Learning the swimming secrets of dolphins and whales
Imagine you’re on a dive. Suddenly, you sense movement and as you turn, you see what looks like a dolphin swimming in the distance. Excitedly, you swim towards it. As you get closer, you realise with bewilderment that this is no dolphin, but an underwater robot in the shape of a dolphin.
This scenario may one day become reality. And to be efficient, such robots would need to be maneuverable and stealthy, and be able to closely mimic the movements of the marine creatures.
Scientists like Keith W. Moored are working on the next generation of underwater robots by studying the movements of dolphins and whales. "We're studying how these animals are designed and what's beneficial about that design in terms of their swimming performance, or the fluid mechanics of how they swim."
Moored is an assistant professor of mechanical engineering and mechanics in Lehigh University's P.C. Rossin College of Engineering and Applied Science. He is also the principal investigator on a Journal of the Royal Society Interface paper that examined the fluid mechanics of cetacean propulsion by numerically simulating their oscillating tail fins.
Cetaceans’ tails come in many shapes. The scientists wanted to find out whether the shape of the tail fin affects the way animals moved their fins (called “kinematics”).
Focusing on five species (bottlenose dolphin, spotted dolphin, orca, false killer whale and beluga whale), the team ran simulations to determine the propulsive efficiency for each species. Then, they swapped the data around, for example, by running a simulation of the orca’s fin shape with the kinematics of a dolphin.
The findings of the 25 swapped simulations surprised the team.
"The pseudo orca fin shape was always the best, meaning it was the most efficient. It didn't matter what kinematics we gave it. And the beluga whale kinematics were always the best, regardless of which shape it was attached to. We didn't expect that, so we started digging into it more and developed this relatively simplistic model of how efficiency scales with different kinematic and shape variables," said Moored.

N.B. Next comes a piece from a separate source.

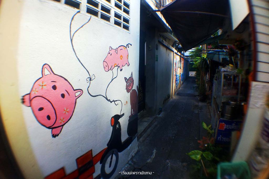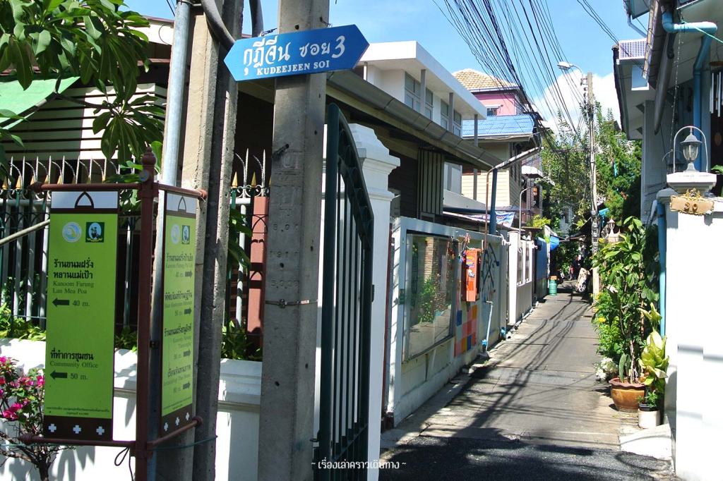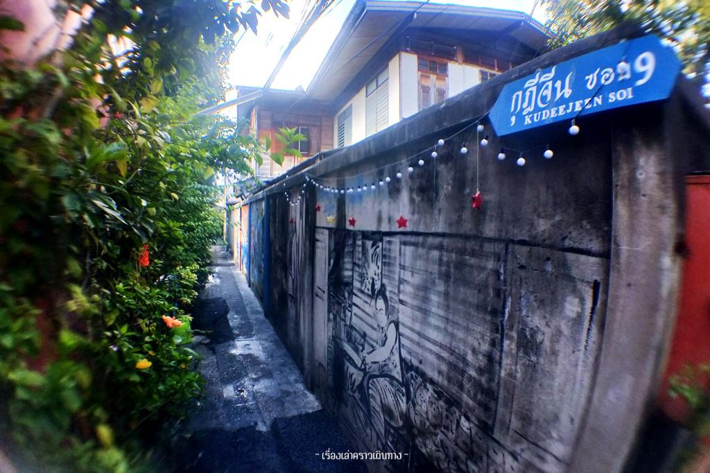จากนี้ก็เดินเข้าไปเที่ยวในชุมชนกุฎีจีกันล่ะ เราเดินไปด้านหลังโบสถ์จะเจอซอยกุฎีจีน 1 วนต่อไปซอย 2 ซอย 3 มาถึงซอย 4 เป็นตรอกเดินเข้าไปได้ มีตรอกซอกซอยเยอะแยะ เลือกเดินกันตามสะดวก มีเวลามาก ก็เดินวนไปทุกซอกทุกซอย บางซอยก็มีกราฟิตี้ บางซอยก็มีบ้านสวยๆ บางซอยก็มีขายอาหาร ขายยขนม บางซอยก็มีแต่บ้านคน จุดเด่นที่อยู่ในแผนที่เดินเที่ยวจะมีป้ายชีบอกทางอยู่

The model also predicted efficiency beyond the data set and revealed that specific shapes were tailored to specific kinematics.
The team made an interesting revelation about the relationship between circulatory forces and added mass forces that contribute to an animal’s movement.
"A tail that's flapping up and down generates forces just like an aircraft, but it also generates added mass forces that have to do with how fast the fluid is being accelerated," Moored explained. "…We found that the accelerations of the fin are integral to predicting the trends of efficiency, and that was fascinating to us. It ultimately gives us a predictive model that's accurate."
The model can provide a basic design equation for building an underwater robot that performs like a cetacean. Such a robot can be deployed to test hypotheses, to better understand the behaviour of fish schools, to detect submarines and other submersibles and to monitor climate change impact on fish stock populations.